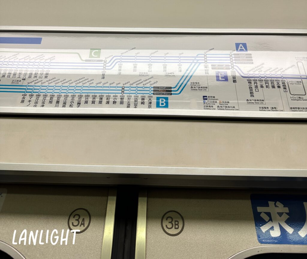 如果你用google地圖查京都車站到琵琶湖綠水亭,選大眾交通工具,會出現要你坐A東海道、山陽本線以及/或B湖西線。但是指示牌上就是找不到這2條線的名子,到底是哪一條呢?入口在哪呢?不用擔心,指的就是下圖這個A跟B,所以還是一樣從主要大入口進去(烏丸中央口),往近江舞子/近江金津的方向。
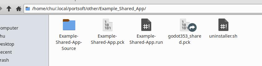Да, есть некоторые костыли, например символическая ссылка с именем "godot353_shared" указывающая на файл ресурсов приложения, это необходимо т.к. движок ищет файл с таким же именем, как и исполняемый:
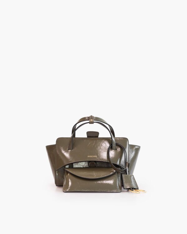 Military shoulder bag crafted in cotton canvas and leather, lined with cotton fabric.

■ ■ ■ ■ ■

* Exercise instructions
Print only the lines running from the line that contains "Да, есть некоторые" to the final line of the listing, both included. Omit every picture.

* Your solution
Да, есть некоторые костыли, например символическая ссылка с именем "godot353_shared" указывающая на файл ресурсов приложения, это необходимо т.к. движок ищет файл с таким же именем, как и исполняемый:
 Military shoulder bag crafted in cotton canvas and leather, lined with cotton fabric.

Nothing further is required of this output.